| TASK OBJECTIVE |
With the pictures omitted, repeat exactly the lines below starting with the line that has "Jennies Organic Coconut" and going on through the line that has "Caption: Cats climbing for the first time".

(Stored items from a collection)
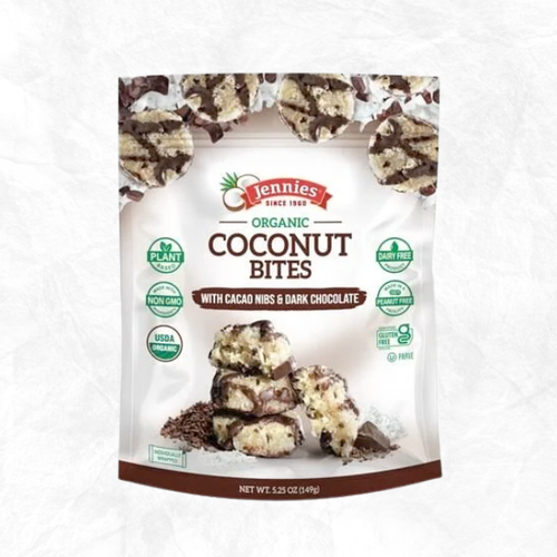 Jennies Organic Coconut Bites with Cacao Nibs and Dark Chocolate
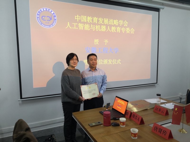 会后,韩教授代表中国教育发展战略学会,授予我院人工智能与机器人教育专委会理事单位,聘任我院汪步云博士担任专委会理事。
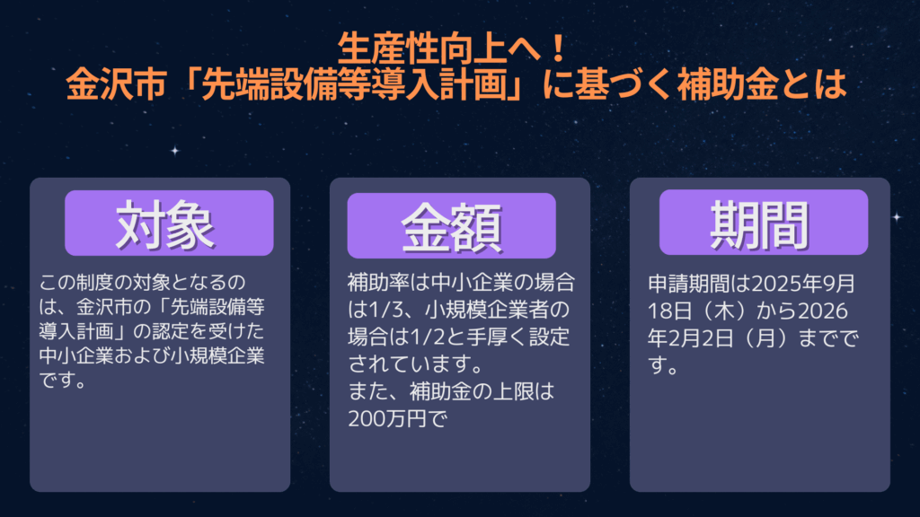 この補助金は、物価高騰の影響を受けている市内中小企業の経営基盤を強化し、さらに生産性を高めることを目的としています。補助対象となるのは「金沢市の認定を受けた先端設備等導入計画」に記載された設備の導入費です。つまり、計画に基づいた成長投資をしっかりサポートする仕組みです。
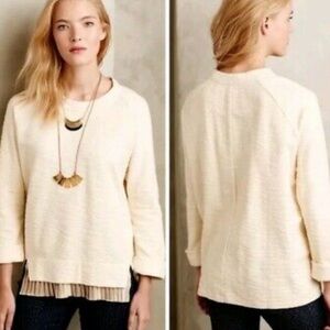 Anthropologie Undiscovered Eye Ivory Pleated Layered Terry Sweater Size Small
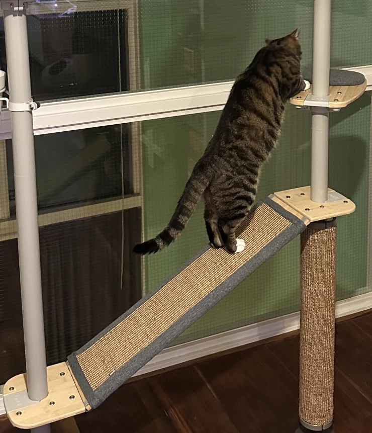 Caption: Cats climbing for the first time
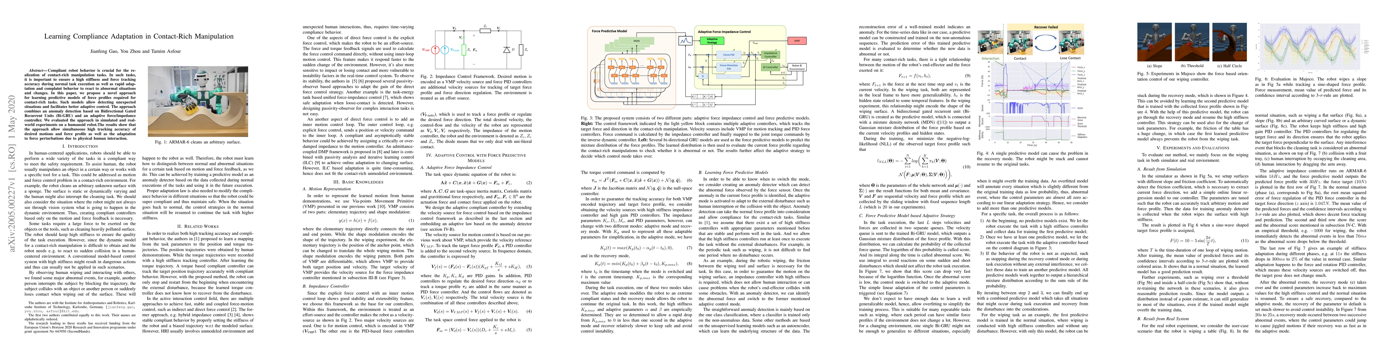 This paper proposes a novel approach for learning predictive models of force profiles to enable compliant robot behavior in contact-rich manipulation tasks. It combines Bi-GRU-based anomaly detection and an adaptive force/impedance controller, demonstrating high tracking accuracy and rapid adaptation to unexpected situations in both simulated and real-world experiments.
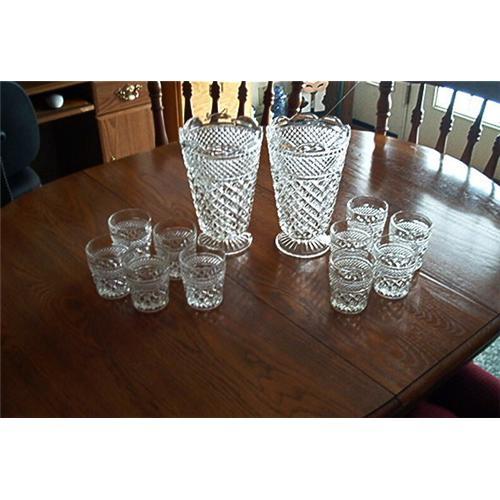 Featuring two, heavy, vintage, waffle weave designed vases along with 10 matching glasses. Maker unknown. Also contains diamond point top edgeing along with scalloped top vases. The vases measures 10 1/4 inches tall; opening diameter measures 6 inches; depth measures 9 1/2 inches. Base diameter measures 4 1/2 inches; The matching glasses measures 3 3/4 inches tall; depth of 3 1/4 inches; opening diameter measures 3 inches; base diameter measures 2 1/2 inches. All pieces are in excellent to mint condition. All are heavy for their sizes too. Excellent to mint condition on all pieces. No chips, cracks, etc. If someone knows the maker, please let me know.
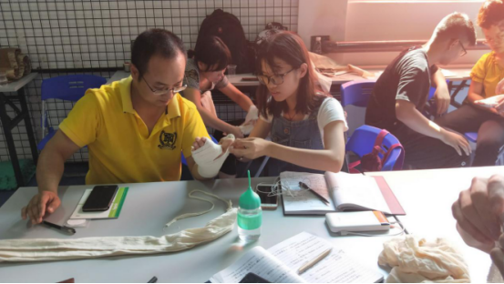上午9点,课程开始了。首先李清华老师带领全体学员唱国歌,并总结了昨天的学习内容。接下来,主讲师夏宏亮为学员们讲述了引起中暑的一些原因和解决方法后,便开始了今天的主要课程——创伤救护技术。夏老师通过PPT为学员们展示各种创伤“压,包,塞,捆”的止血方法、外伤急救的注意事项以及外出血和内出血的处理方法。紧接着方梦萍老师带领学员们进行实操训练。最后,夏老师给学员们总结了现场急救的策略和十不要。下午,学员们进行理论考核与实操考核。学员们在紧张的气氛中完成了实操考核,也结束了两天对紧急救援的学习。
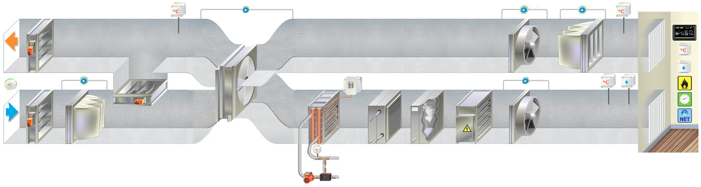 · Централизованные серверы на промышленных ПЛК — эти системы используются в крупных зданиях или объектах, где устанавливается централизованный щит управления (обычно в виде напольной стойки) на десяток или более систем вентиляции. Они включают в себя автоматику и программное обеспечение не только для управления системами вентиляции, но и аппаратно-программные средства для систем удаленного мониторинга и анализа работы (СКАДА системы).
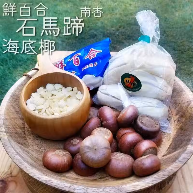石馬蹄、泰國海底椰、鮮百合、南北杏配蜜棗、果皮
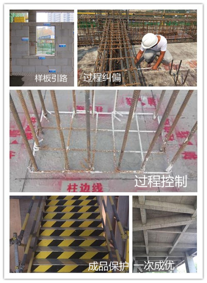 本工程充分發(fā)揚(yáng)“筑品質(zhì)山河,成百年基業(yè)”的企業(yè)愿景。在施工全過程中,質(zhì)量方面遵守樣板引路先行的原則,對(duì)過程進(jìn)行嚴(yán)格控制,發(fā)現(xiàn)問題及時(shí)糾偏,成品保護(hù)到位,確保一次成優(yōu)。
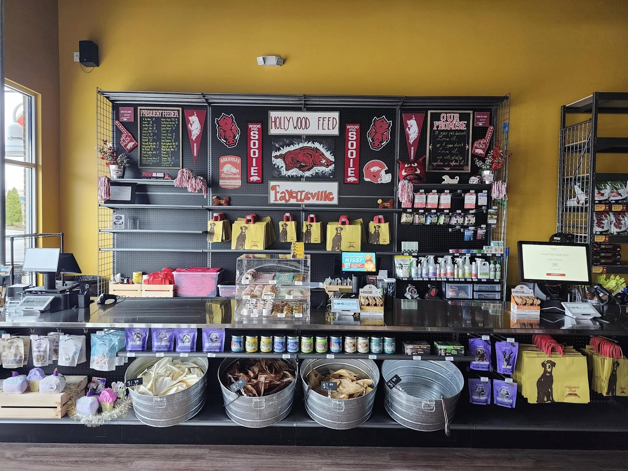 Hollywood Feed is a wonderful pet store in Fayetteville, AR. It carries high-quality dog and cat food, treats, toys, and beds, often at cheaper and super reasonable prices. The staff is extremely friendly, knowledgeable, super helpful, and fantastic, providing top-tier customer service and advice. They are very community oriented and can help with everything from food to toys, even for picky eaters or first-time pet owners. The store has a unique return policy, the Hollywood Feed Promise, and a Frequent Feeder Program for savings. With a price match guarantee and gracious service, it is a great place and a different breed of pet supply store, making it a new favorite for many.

--

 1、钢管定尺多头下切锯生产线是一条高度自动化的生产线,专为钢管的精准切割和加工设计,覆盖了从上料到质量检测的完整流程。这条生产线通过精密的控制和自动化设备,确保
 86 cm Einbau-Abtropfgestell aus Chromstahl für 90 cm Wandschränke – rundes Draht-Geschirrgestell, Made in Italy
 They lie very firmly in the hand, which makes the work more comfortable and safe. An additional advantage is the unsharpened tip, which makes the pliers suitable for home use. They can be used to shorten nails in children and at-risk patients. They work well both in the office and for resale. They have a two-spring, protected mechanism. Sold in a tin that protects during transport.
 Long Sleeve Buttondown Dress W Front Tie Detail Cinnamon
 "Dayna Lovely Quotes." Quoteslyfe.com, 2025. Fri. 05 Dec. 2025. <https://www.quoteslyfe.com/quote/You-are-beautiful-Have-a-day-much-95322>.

| TASK OUTPUT |
 Jennies Organic Coconut Bites with Cacao Nibs and Dark Chocolate
 会后,韩教授代表中国教育发展战略学会,授予我院人工智能与机器人教育专委会理事单位,聘任我院汪步云博士担任专委会理事。
 この補助金は、物価高騰の影響を受けている市内中小企業の経営基盤を強化し、さらに生産性を高めることを目的としています。補助対象となるのは「金沢市の認定を受けた先端設備等導入計画」に記載された設備の導入費です。つまり、計画に基づいた成長投資をしっかりサポートする仕組みです。
 Anthropologie Undiscovered Eye Ivory Pleated Layered Terry Sweater Size Small
 Caption: Cats climbing for the first time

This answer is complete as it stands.